In Which Vladimir Nabokov Navigates Hell For Lolita
The Great Work
In an atmosphere of great secrecy, I shall show you — when I return east — an amazing book that will be quite ready by then.
Lolita was created once and for all when Vladimir Nabokov decided to transition his novel about an emigre's love of a young girl into the first person from the third person. Even then, it had a terrible time finding someone brave enough to publish its biting satire. Ignored upon first publication, the comic novel was finally given momentum it would never lose when the English novelist Graham Greene named it one of his best books in 1955.
As the following letters prove, even Nabokov's closest friends, including the critic Edmund Wilson, did not fully understand what had been placed in their care. Perhaps sensing he was missing something, Wilson showed the book to his wife and his ex-wife. They both liked the book considerably more than Edmund. It was eventually published in America by Walter Minton at G.P. Putnam, who had heard about it from his girlfriend, a dancer in the Latin Quarter, and nothing would ever be the same again.
Wilson's letter in October of 1953 precipitated Vladimir's first mention of Lolita:
October 23, 1953
Wellfleet, Mass.
Dear Volodya,
I had been wondering what you were up to.

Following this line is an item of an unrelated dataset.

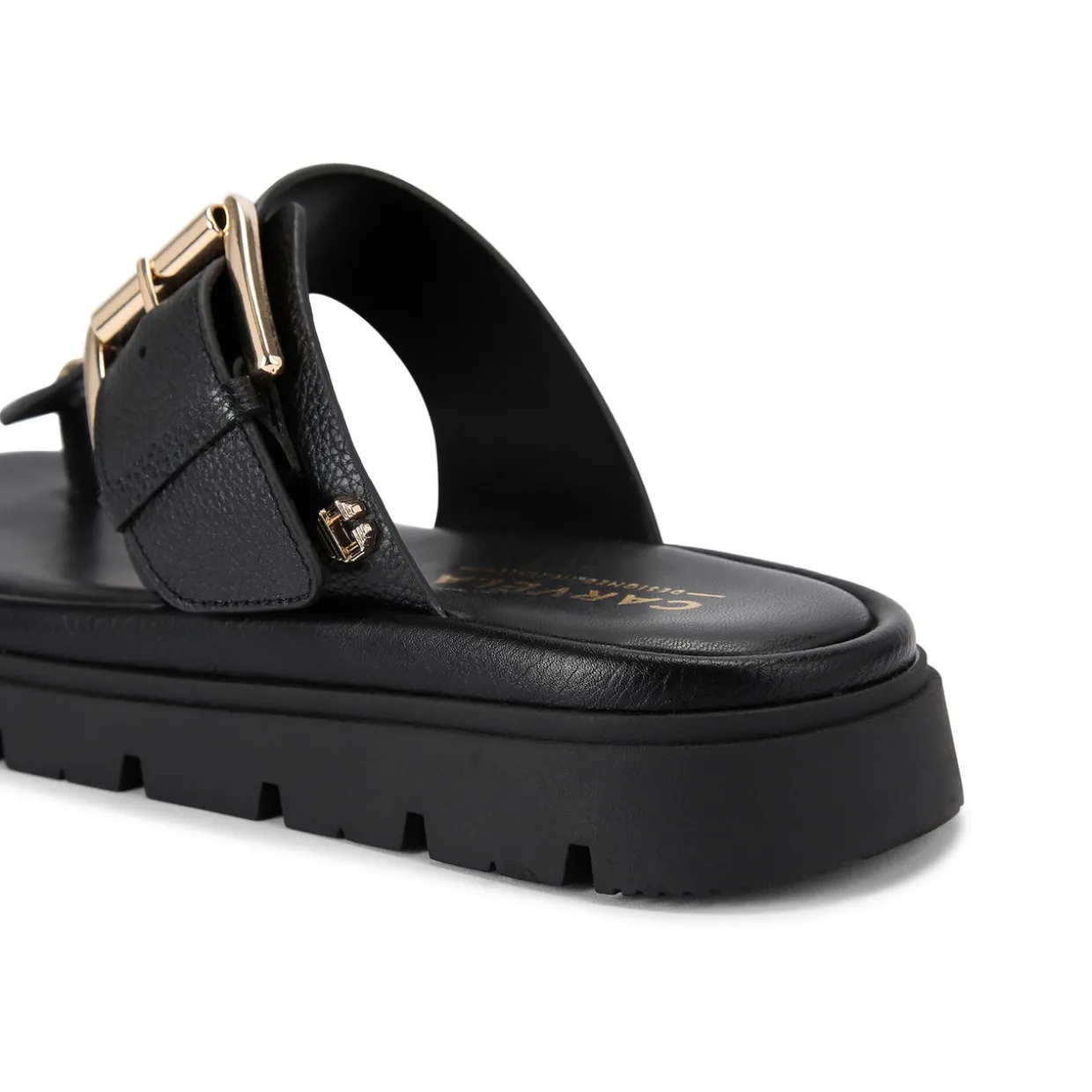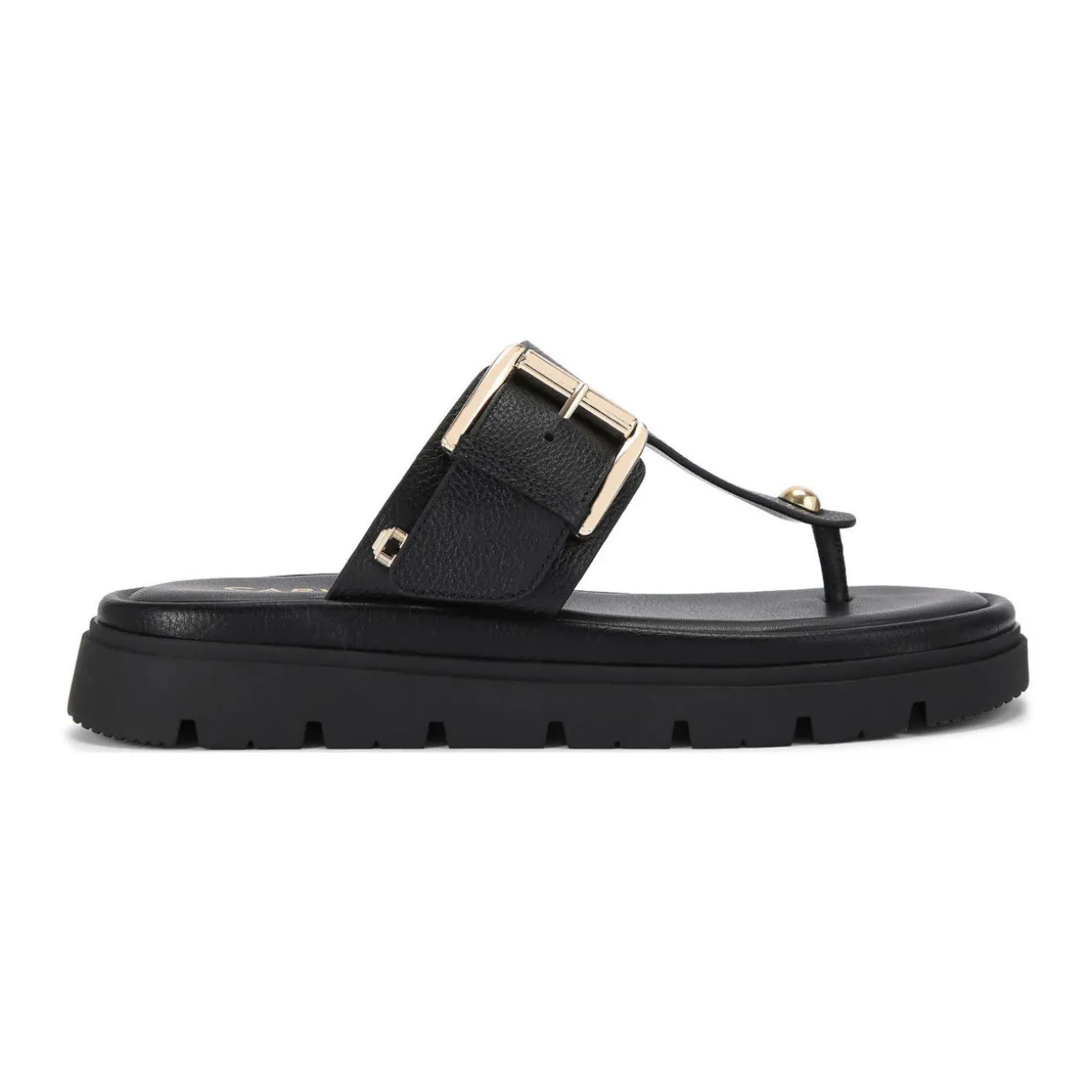 - T-bar, textured upper with gold tone buckle fastening the strap, All Day Long technology

We are no longer at Talcottville but back here. After Christmas, we are going to that old Europe, where I have been asked to perform during February at the Seminar of American Studies at Salzburg — expect to take in London and Paris on the way.
Here is a story that you ought to be told. Paul Brooks, the head of Houghton Mifflin, is an enthusiastic amateur naturalist. One day he opened his door and found a Polyphemus moth on his doorstep, a male. He was surprised, because, according to him, it was irregular to see one in Boston at that time of year. The moth came into the house, flew through some of the rooms and then departed. The same thing happened the next day and the day after that. After the third visit, Brooks remembered that he had a Polyphemus cocoon. When he went to the box in the drawer where he kept it, he found that a female had emerged. He put her outside on the sundial, and the male at once came and got her. They left him a little note saying that if at any time he should get into trouble with dragons or ogres, he had only to call upon them.

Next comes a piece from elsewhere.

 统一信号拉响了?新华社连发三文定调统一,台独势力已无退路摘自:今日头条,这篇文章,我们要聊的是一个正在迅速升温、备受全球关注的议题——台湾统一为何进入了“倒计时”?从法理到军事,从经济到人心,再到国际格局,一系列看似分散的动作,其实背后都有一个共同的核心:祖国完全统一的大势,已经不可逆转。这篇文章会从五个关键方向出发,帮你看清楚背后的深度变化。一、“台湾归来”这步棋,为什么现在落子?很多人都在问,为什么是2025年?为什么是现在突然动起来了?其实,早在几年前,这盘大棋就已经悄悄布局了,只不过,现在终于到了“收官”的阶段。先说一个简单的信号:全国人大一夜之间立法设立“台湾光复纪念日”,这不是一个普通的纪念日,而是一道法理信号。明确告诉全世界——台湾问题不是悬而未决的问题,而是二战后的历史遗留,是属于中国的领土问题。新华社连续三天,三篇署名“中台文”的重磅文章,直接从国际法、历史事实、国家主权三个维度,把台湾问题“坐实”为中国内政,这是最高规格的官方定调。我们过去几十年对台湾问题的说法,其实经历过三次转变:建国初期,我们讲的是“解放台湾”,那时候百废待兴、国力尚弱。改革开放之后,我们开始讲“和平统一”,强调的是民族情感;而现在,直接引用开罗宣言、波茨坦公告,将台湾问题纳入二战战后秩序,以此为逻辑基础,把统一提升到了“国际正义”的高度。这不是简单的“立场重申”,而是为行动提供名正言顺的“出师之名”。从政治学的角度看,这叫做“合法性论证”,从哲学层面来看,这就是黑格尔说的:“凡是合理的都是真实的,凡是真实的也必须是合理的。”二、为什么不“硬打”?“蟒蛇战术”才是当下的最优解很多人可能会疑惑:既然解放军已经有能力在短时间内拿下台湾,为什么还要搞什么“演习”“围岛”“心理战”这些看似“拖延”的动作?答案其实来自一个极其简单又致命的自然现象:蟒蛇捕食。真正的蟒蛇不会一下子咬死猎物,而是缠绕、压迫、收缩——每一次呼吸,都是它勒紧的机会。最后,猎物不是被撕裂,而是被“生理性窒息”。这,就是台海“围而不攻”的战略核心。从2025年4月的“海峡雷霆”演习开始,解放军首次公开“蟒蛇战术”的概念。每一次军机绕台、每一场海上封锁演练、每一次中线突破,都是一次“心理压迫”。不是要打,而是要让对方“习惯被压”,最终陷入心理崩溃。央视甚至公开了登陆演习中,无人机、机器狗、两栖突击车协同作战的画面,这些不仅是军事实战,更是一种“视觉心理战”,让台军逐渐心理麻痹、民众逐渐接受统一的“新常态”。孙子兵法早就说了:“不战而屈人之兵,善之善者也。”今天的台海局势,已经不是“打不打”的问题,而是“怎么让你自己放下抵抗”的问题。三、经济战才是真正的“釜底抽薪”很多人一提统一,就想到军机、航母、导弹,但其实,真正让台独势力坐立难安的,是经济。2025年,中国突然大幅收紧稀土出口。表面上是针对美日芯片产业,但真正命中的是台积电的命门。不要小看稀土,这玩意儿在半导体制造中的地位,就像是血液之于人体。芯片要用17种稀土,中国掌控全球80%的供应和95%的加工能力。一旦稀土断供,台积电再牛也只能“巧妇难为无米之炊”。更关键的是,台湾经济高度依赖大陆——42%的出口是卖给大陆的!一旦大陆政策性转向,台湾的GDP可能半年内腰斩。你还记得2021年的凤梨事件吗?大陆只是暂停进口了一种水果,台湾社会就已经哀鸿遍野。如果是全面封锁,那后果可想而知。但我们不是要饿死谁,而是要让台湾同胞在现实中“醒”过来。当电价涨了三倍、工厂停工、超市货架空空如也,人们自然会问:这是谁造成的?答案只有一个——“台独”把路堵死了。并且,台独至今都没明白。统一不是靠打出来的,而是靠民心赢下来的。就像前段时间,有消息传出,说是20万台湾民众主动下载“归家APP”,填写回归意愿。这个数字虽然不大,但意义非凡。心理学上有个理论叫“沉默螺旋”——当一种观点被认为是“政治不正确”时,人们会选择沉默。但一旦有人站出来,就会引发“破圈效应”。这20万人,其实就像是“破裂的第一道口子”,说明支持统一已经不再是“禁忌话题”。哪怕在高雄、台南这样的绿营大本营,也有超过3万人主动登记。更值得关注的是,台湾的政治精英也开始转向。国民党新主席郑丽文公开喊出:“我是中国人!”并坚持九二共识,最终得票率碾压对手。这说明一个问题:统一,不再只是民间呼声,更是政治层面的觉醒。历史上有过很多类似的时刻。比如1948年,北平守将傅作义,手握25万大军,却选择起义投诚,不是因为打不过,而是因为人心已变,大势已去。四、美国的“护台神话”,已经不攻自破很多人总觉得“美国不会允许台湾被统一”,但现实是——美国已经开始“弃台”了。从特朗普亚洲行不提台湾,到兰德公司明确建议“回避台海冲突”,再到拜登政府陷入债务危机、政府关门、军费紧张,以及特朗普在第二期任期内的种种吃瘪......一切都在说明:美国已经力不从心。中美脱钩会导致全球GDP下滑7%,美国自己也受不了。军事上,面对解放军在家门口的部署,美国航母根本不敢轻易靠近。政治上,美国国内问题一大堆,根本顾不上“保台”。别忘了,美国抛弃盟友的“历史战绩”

I have had a horrible two weeks of gout, but am over it and am otherwise prospering. I have been working on three major literary projects, but won't describe them, since the results will inevitably reach you.
The only publication that will pay anything much for poetry is the New Yorker. You know about the Atlantic and Harper's. Or do you mean that you want, as you ought, to publish a book of poems? If you do, I'm afraid that you'd have to engage to give them a novel or something, too. Love to Vera. Elena sends love.
Edmund Wilson
Vladimir responds from New Mexico, where he reports on the novel's first rejections.
July 30, 1954
Taos, NM
Dear Bunny,
I have been wanting to write you for months but this has been, and still is, and will be for a long while yet, a time of great labors with me. First of all I want to thank you for your book of plays. I still think the Siniy Ogonyochek your best one in the way of harmony and multiple sense. I thought the Diabolic Play extraordinarily amusing and well done. Vera joins me in sending you her thanks and tokens of appreciation. Next, let me tell you I enjoyed hugely your Biblical Essay in the New Yorker and hope there is more to come.

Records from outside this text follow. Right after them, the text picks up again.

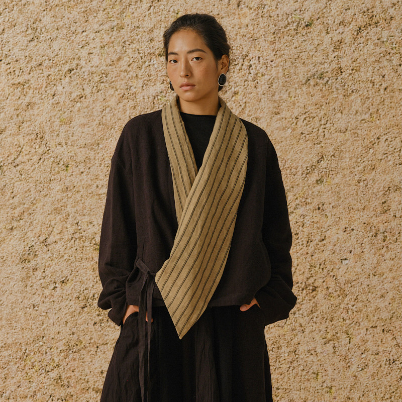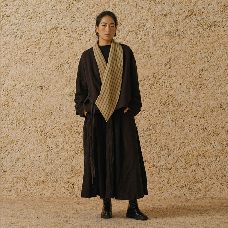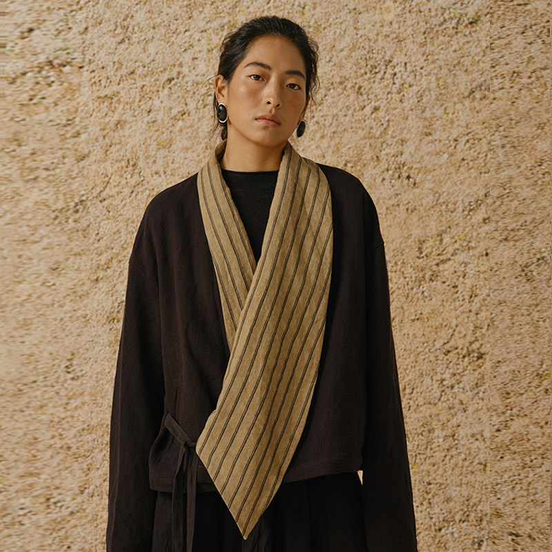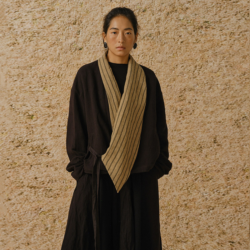 【MORIN KHUUR 牧仁】黑色棉麻翻领系带宽松短衬衫外套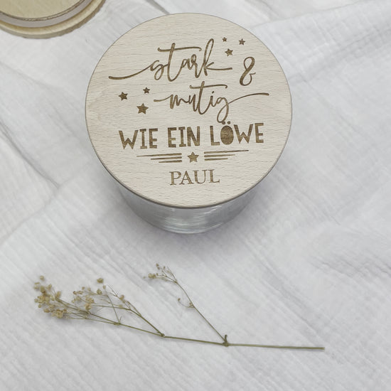 Vorratsglas stark und mutig wie ein Löwe + Name personalisiert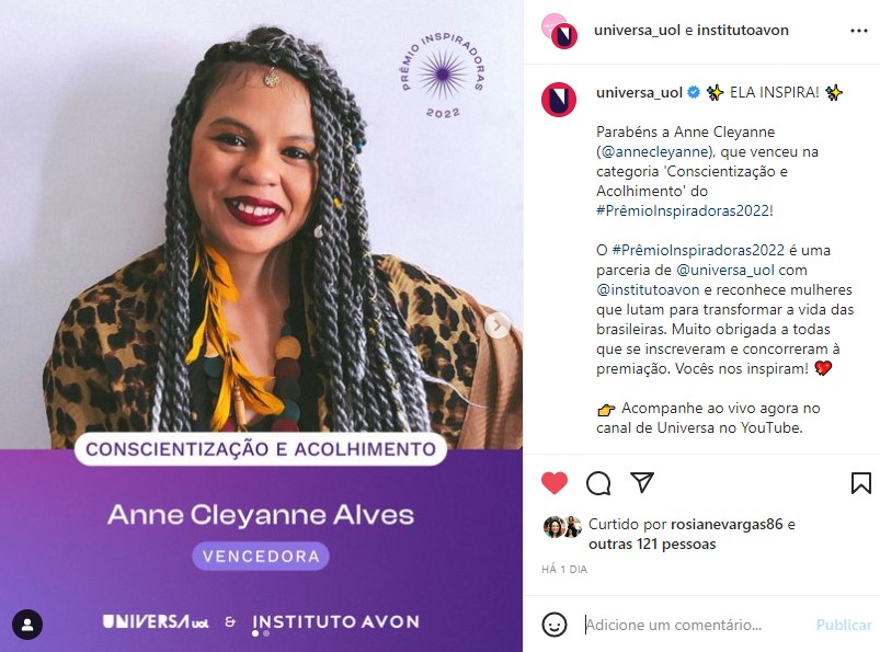 No dia em que recebeu o prêmio e o reconhecimento nacional, tanto dos leitores do UOL quanto dos jurados, Anne Cleyanne lembrou de sua mãe, que também lutou para que outras mulheres tivessem suas vozes ouvidas sempre.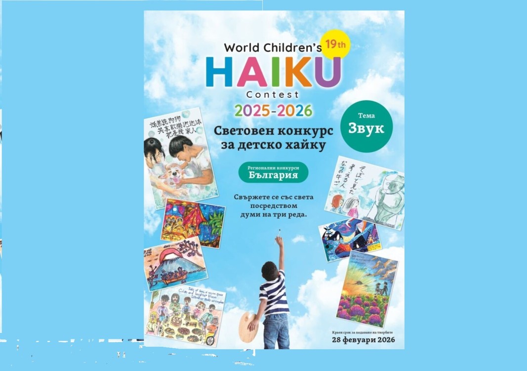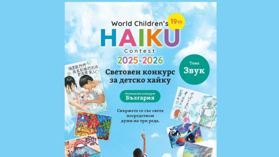 Децата от България ще имат възможност да участват за пета поредна година в XIX Световен конкурс за детско хайку, организиран от JAL Foundation в Япония. Темата на тазгодишното издание е „Звук“, а млади автори до 15-годишна възраст могат да изразят своята креативност чрез кратката японска поетична форма хайку, съчетана с рисунка. Това каза Зорница Харизанова, секретар на Български хайку съюз.

I am now collecting butterflies in New Mexico. A dull series of events led us to rent by wire from Ithaca a house here. We are near a superb canyon where I go for my hunting, and twelve miles from Taos which is a dismal hole full of third-rate painters and faded pansies. The house cost only 250 dollars for the whole summer, and an orchard was thrown in. Unfortunately our Spanish neighbors take all the fruit and a colorful smell of drains pervades what is euphemistically called the patio. The mountains around us, though high enough for my purposes, are not interesting enough for Dmitri to climb. He is with us this summer but may go to the Tetons a little later. How are you spending the summer? Give us news about all of you. Will you be in New York in Mid-September? I have to deliver there on the 14th of Sept a lecture on the Art of Translation at the English Institute.
I have had to lay aside my Eugene Onegin work for other things.
One of them is an edition of Anna Karenina in English with my notes, commentaries, introductions, etc., for Simon and Schuster. They wanted a revision with notes for Part One first, and this I have just completed. With Viking I have signed a contract for my book on Pnin, but will not be able to finish it before the end of the winter.
The novel I had been working at for almost five years has been promptly turned down by the two publishers (Viking and S. & S.) I showed it to. They say it will strike readers as pornographic. I have now sent it to New Directions but it is unlikely they will take it. I consider this novel to be my best thing in English, and though the theme and situation are decidedly sensuous, its art is pure and its fun riotous. I would love you to glance at it some time. Pat Covici said we would all go to jail if the thing were published. I feel rather depressed about this fiasco. Another thing that has left me quite limp and hysterical is my Russian version of Conclusive Evidence which is appearing serially in the Novyi Zhurnal and will be published by the Chekhov firm in the fall.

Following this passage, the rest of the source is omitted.